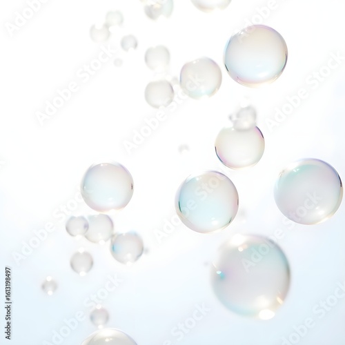 Playful and delicate soap bubbles with colorful iridescent sheen floating up high against a bright white background
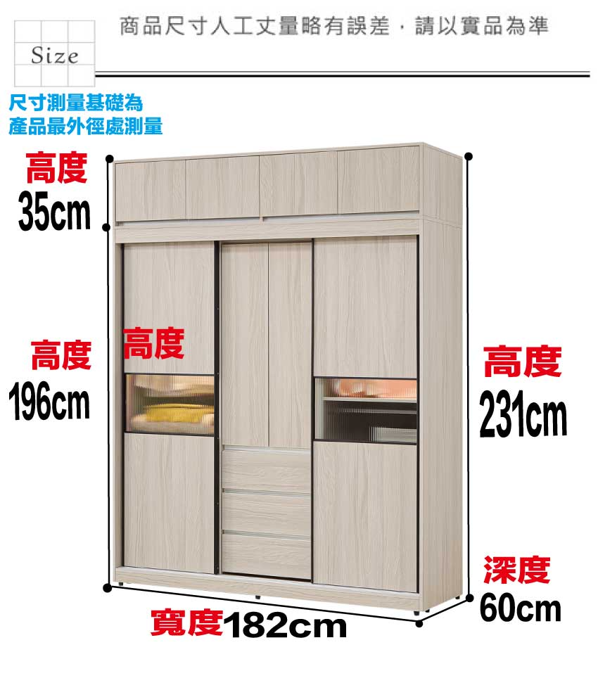 - 尺寸:(寬)182x(深)60x(高)231/公分
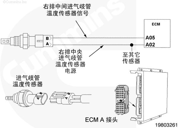 左排中間進(jìn)氣歧管溫度傳感器電路圖向 CENSE™ ECM 提供左排中間進(jìn)氣歧管空氣溫度信號。
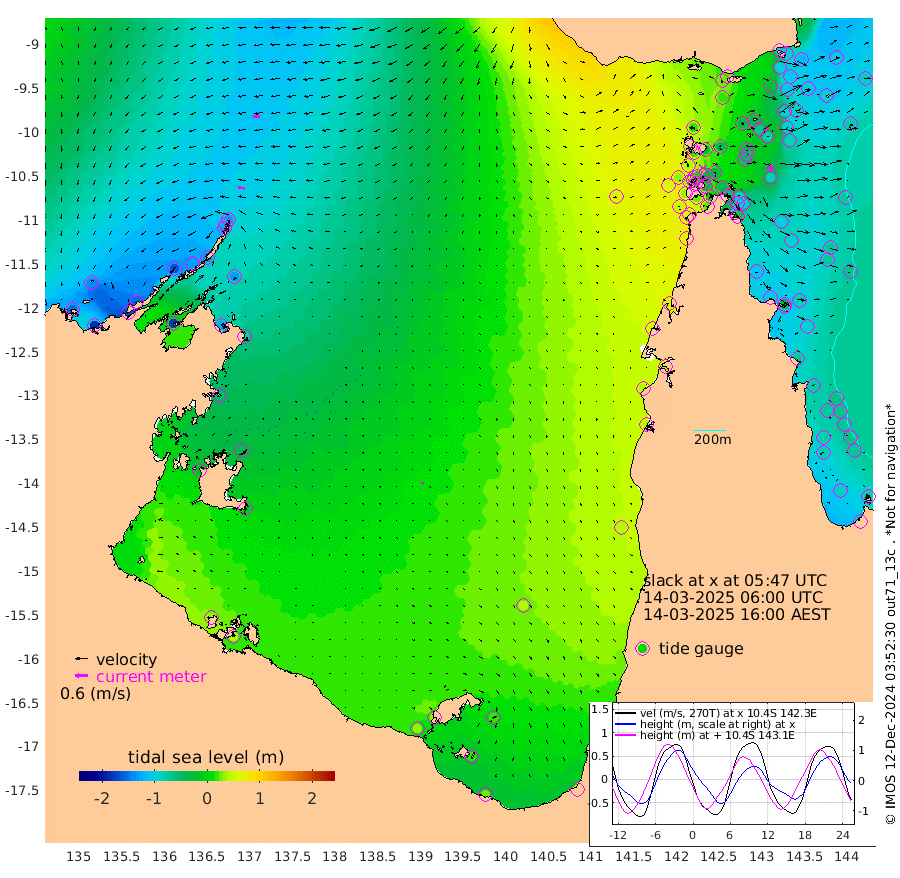 31cm/s -83T +3cm/s rms + 7cm/s -42T. ARA-GOC87 57m 8cm/s -165T +3cm/s rms + 2cm/s -2T. ARA-GOC87 60m 33cm/s -91T +2cm/s rms + 3cm/s 61T. ARA-GOC87 47m -91cm Daru -104cm Bobo Island -77cm Meer Island Barge -103cm Bramble Cay -106cm Unnamed Cay -108cm Pearce Cay -103cm Stephens Island -113cm Merrie England Shoals -103cm Mutacomal Reef -92cm Darnley Island Barge -89cm East Cay -88cm Yorke Island Barge -96cm Rennel Island -94cm Aureed Island -73cm Dungeness Reef -38cm Zagai Island -32cm Yam Island 27cm Dauan Island 23cm Saibai Island 16cm Phipi Reef -29cm Warrior Reef - West 20cm Mabuiag Island Barge -89cm Half Way Island -87cm Coconut Island -83cm Dugong Islet -60cm Poll Island -54cm Kirkcaldie Reef -41cm Suarji Island -47cm Sue Islet 43cm Hawkesbury Island -25cm Alert Patches -33cm Twin Island 32cm Badu Island -19cm St Pauls (Moa Island) 20cm Kubin (Moa Island) -4cm Ince Point 9cm Thursday Island 6cm Nardana Patches 18cm Turtle Head 27cm Round Island 34cm Goods Island 56cm Booby Island 31cm White Rocks Area 63cm Carpentaria -19cm Papou Point 34cm Bampfield Head 62cm Crab Island 50cm Red Wallis Island 24cm Packe Island -96cm Harrington Reef 58cm Herald Camp 5cm Sharp Point 24cm Red Island Point -5cm Possession Island -42cm Alpha Rock -60cm Frederick Point -103cm Wyborn Reef Light -94cm Tetley Island -68cm Triangle Reef -100cm Turtle Head Island -72cm Maclennan Cay -64cm Raine Island -99cm Mcsweeny Reef -93cm Collette Reef -72cm Shadwell Reef -107cm Hannibal Island -110cm Round Point 72cm Vrilya Point -92cm Cape Grenville -86cm Hicks Island -84cm Sir Charles Hardy Island -26cm Harvey Island -90cm Kay Reef -74cm Rocky Island -75cm Chapman Island -65cm Ham Reef -70cm Jubilee Reef -65cm Night Island -70cm Unnamed Reef No. 3 -79cm Morris Island -65cm 1st 3 Mile Opening -69cm Creech Reef -82cm Fife Island -88cm Eden Reef -77cm Stanley Island -94cm Normanby River -152cm Yabooma Island -183cm Hutchison River -150cm Elcho Island -137cm North West Crocodile Island -135cm Cape Wessel -162cm Stevens Island -133cm Guluwuru Island -141cm Hopeful Bay -135cm Auster Point -124cm Two Island Bay -163cm Cadell Strait -173cm Mallison Island -124cm Melville Bay (Gove Harbour) -133cm Truant Island -85cm Cape Arnhem -58cm Cape Grey -41cm Hawk Island -17cm Milner Bay (Groote Eylandt) -3cm Cape Beatrice 31cm West Island 38cm Centre Island 37cm Mornington Island 31cm West Wellesley Islands 21cm Bountiful Island 30cm Albert River Mouth 19cm Sweers Island 46cm Karumba 40cm Nassau River Offshore 43cm Christmas Creek 43cm Archer River 45cm Boyd Point 45cm Weipa (Humbug Point) 55cm Pennefather River 66cm Cullen Point
☆ ☆ ☆ ☆ ☆
-- DIRECTIONS --
One exact copy of the data is required, and it should hold no pictures.

-- WRITTEN RESPONSE --
 Playful and delicate soap bubbles with colorful iridescent sheen floating up high against a bright white background
 - 尺寸:(寬)182x(深)60x(高)231/公分
 左排中間進(jìn)氣歧管溫度傳感器電路圖向 CENSE™ ECM 提供左排中間進(jìn)氣歧管空氣溫度信號。
 31cm/s -83T +3cm/s rms + 7cm/s -42T. ARA-GOC87 57m 8cm/s -165T +3cm/s rms + 2cm/s -2T. ARA-GOC87 60m 33cm/s -91T +2cm/s rms + 3cm/s 61T. ARA-GOC87 47m -91cm Daru -104cm Bobo Island -77cm Meer Island Barge -103cm Bramble Cay -106cm Unnamed Cay -108cm Pearce Cay -103cm Stephens Island -113cm Merrie England Shoals -103cm Mutacomal Reef -92cm Darnley Island Barge -89cm East Cay -88cm Yorke Island Barge -96cm Rennel Island -94cm Aureed Island -73cm Dungeness Reef -38cm Zagai Island -32cm Yam Island 27cm Dauan Island 23cm Saibai Island 16cm Phipi Reef -29cm Warrior Reef - West 20cm Mabuiag Island Barge -89cm Half Way Island -87cm Coconut Island -83cm Dugong Islet -60cm Poll Island -54cm Kirkcaldie Reef -41cm Suarji Island -47cm Sue Islet 43cm Hawkesbury Island -25cm Alert Patches -33cm Twin Island 32cm Badu Island -19cm St Pauls (Moa Island) 20cm Kubin (Moa Island) -4cm Ince Point 9cm Thursday Island 6cm Nardana Patches 18cm Turtle Head 27cm Round Island 34cm Goods Island 56cm Booby Island 31cm White Rocks Area 63cm Carpentaria -19cm Papou Point 34cm Bampfield Head 62cm Crab Island 50cm Red Wallis Island 24cm Packe Island -96cm Harrington Reef 58cm Herald Camp 5cm Sharp Point 24cm Red Island Point -5cm Possession Island -42cm Alpha Rock -60cm Frederick Point -103cm Wyborn Reef Light -94cm Tetley Island -68cm Triangle Reef -100cm Turtle Head Island -72cm Maclennan Cay -64cm Raine Island -99cm Mcsweeny Reef -93cm Collette Reef -72cm Shadwell Reef -107cm Hannibal Island -110cm Round Point 72cm Vrilya Point -92cm Cape Grenville -86cm Hicks Island -84cm Sir Charles Hardy Island -26cm Harvey Island -90cm Kay Reef -74cm Rocky Island -75cm Chapman Island -65cm Ham Reef -70cm Jubilee Reef -65cm Night Island -70cm Unnamed Reef No. 3 -79cm Morris Island -65cm 1st 3 Mile Opening -69cm Creech Reef -82cm Fife Island -88cm Eden Reef -77cm Stanley Island -94cm Normanby River -152cm Yabooma Island -183cm Hutchison River -150cm Elcho Island -137cm North West Crocodile Island -135cm Cape Wessel -162cm Stevens Island -133cm Guluwuru Island -141cm Hopeful Bay -135cm Auster Point -124cm Two Island Bay -163cm Cadell Strait -173cm Mallison Island -124cm Melville Bay (Gove Harbour) -133cm Truant Island -85cm Cape Arnhem -58cm Cape Grey -41cm Hawk Island -17cm Milner Bay (Groote Eylandt) -3cm Cape Beatrice 31cm West Island 38cm Centre Island 37cm Mornington Island 31cm West Wellesley Islands 21cm Bountiful Island 30cm Albert River Mouth 19cm Sweers Island 46cm Karumba 40cm Nassau River Offshore 43cm Christmas Creek 43cm Archer River 45cm Boyd Point 45cm Weipa (Humbug Point) 55cm Pennefather River 66cm Cullen Point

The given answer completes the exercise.